*Assignment*
Entries follow. Give back exactly the lines starting at the one containing "近日,學(xué)習(xí)" and ending at the one containing "云上咸安报道 4月18日晚,2026年湖", and no other lines.

*Information supplied*

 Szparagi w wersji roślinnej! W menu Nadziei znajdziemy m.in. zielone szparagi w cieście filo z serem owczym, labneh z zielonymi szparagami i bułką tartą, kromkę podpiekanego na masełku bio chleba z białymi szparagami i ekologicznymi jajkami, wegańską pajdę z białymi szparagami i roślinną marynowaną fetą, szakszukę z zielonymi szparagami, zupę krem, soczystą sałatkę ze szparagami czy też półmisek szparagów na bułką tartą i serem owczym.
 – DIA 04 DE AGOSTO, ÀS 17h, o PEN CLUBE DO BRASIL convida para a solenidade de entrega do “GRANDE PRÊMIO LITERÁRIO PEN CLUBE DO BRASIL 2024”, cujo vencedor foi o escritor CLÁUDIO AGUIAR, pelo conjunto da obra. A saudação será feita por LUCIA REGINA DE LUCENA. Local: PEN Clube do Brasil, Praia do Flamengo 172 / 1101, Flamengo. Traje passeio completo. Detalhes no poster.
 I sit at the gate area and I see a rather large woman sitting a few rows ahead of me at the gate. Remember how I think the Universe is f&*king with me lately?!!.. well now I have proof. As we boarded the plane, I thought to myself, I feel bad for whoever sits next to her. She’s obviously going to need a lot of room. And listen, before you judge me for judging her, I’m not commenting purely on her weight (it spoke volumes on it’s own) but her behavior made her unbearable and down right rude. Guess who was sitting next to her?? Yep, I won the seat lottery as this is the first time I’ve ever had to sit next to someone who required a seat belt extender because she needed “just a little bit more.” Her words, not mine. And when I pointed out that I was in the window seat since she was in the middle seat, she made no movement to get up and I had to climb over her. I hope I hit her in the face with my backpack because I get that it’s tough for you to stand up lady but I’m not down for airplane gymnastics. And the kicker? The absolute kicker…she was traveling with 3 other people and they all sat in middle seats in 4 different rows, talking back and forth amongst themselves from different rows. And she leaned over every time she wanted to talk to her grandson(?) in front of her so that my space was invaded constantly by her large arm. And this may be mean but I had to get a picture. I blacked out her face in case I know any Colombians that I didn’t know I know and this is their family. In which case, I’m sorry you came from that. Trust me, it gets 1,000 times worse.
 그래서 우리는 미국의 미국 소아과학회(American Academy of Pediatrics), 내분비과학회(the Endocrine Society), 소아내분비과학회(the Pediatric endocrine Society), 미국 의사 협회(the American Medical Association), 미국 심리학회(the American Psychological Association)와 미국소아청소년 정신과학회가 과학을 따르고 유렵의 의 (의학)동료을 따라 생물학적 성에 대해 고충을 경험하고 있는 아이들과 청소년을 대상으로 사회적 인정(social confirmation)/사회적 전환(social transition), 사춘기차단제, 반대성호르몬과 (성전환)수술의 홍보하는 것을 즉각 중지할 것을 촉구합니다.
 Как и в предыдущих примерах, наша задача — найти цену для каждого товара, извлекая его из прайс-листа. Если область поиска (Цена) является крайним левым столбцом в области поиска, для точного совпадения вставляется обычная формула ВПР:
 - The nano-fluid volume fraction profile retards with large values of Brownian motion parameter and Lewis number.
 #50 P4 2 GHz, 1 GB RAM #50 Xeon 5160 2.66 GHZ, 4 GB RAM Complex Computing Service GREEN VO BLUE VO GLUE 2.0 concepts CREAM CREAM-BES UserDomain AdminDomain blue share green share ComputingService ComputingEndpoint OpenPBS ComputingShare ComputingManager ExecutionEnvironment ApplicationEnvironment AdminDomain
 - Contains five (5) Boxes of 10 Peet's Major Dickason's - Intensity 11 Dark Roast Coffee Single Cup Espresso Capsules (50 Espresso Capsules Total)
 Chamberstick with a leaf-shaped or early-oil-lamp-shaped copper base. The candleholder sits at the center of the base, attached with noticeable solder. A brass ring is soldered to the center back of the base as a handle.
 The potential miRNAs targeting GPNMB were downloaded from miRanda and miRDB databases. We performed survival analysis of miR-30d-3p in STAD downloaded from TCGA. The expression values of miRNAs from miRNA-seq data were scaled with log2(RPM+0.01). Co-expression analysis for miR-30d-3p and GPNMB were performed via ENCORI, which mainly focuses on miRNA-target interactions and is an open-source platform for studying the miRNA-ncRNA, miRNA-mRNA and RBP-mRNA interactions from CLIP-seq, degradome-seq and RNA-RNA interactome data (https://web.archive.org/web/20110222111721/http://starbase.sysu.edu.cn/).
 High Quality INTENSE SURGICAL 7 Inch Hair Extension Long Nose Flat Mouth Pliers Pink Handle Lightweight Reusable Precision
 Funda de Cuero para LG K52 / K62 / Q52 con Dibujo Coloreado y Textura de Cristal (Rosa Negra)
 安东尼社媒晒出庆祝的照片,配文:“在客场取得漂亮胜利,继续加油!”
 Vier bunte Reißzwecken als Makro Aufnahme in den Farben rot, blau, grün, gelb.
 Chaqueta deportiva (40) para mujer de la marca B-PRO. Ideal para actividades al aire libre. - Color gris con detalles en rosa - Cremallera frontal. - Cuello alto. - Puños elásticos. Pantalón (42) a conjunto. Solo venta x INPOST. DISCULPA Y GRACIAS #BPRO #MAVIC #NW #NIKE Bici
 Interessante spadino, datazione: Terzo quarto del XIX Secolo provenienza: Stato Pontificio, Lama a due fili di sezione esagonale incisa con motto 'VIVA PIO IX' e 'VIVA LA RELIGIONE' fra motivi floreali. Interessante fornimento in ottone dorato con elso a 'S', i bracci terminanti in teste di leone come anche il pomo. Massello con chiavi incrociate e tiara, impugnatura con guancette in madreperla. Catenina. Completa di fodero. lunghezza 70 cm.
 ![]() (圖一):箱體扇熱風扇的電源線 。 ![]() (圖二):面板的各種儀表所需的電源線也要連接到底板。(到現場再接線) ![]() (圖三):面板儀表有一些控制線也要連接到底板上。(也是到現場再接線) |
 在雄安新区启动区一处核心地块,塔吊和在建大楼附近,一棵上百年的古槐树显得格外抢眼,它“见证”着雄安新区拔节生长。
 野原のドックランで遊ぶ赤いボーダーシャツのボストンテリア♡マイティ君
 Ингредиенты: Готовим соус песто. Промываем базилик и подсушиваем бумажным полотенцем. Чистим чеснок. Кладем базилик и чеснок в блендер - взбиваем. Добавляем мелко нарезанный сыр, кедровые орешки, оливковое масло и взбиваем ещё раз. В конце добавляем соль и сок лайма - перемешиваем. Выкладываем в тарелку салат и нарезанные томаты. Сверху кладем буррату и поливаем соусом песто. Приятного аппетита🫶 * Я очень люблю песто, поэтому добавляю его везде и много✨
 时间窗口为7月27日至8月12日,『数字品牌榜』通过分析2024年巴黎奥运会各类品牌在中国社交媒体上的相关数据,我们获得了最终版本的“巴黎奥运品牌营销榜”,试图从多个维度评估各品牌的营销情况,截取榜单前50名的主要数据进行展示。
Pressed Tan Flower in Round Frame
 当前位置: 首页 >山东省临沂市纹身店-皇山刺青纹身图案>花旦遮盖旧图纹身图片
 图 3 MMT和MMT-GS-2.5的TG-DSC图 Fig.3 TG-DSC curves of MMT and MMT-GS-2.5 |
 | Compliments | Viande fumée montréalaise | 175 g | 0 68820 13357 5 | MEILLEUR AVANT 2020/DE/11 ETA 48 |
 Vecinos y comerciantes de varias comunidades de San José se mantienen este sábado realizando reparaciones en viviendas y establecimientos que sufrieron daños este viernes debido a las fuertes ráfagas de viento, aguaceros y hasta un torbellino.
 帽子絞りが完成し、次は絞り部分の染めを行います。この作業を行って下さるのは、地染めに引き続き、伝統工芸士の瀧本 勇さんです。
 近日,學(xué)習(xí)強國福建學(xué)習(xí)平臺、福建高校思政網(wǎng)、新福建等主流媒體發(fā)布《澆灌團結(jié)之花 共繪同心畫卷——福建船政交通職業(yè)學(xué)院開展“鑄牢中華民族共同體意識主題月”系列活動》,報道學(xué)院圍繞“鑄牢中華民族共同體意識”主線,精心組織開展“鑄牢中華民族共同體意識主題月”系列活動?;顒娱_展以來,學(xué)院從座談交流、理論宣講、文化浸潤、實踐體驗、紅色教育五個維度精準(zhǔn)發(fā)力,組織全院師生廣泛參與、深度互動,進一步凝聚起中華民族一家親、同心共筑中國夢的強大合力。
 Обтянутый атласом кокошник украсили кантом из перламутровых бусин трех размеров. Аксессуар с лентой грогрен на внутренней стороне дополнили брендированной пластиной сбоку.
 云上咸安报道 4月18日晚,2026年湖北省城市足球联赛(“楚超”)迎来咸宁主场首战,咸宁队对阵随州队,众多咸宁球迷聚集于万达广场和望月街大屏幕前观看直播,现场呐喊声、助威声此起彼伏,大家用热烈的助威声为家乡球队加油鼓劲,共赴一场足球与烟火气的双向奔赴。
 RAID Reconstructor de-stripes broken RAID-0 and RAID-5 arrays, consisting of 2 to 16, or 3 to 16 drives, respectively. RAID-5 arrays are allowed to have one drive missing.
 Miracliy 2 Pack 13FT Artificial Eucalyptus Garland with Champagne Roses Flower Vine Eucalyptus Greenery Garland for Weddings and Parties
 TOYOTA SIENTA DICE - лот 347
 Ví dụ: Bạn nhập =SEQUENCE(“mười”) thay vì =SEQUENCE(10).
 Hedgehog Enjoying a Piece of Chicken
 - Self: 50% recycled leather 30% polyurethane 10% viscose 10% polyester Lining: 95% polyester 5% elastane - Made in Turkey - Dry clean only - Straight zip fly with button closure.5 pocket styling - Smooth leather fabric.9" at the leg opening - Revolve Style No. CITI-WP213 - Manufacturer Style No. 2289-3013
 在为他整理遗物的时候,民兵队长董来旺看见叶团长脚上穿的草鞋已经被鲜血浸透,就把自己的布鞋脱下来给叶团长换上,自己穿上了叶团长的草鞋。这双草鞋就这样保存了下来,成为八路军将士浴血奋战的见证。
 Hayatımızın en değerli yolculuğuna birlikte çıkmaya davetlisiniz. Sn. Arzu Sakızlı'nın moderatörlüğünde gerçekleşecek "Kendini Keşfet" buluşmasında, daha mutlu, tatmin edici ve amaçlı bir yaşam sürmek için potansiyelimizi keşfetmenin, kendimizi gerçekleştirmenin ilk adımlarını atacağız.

*Answer to the exercise*
 近日,學(xué)習(xí)強國福建學(xué)習(xí)平臺、福建高校思政網(wǎng)、新福建等主流媒體發(fā)布《澆灌團結(jié)之花 共繪同心畫卷——福建船政交通職業(yè)學(xué)院開展“鑄牢中華民族共同體意識主題月”系列活動》,報道學(xué)院圍繞“鑄牢中華民族共同體意識”主線,精心組織開展“鑄牢中華民族共同體意識主題月”系列活動?;顒娱_展以來,學(xué)院從座談交流、理論宣講、文化浸潤、實踐體驗、紅色教育五個維度精準(zhǔn)發(fā)力,組織全院師生廣泛參與、深度互動,進一步凝聚起中華民族一家親、同心共筑中國夢的強大合力。
 Обтянутый атласом кокошник украсили кантом из перламутровых бусин трех размеров. Аксессуар с лентой грогрен на внутренней стороне дополнили брендированной пластиной сбоку.
 云上咸安报道 4月18日晚,2026年湖北省城市足球联赛(“楚超”)迎来咸宁主场首战,咸宁队对阵随州队,众多咸宁球迷聚集于万达广场和望月街大屏幕前观看直播,现场呐喊声、助威声此起彼伏,大家用热烈的助威声为家乡球队加油鼓劲,共赴一场足球与烟火气的双向奔赴。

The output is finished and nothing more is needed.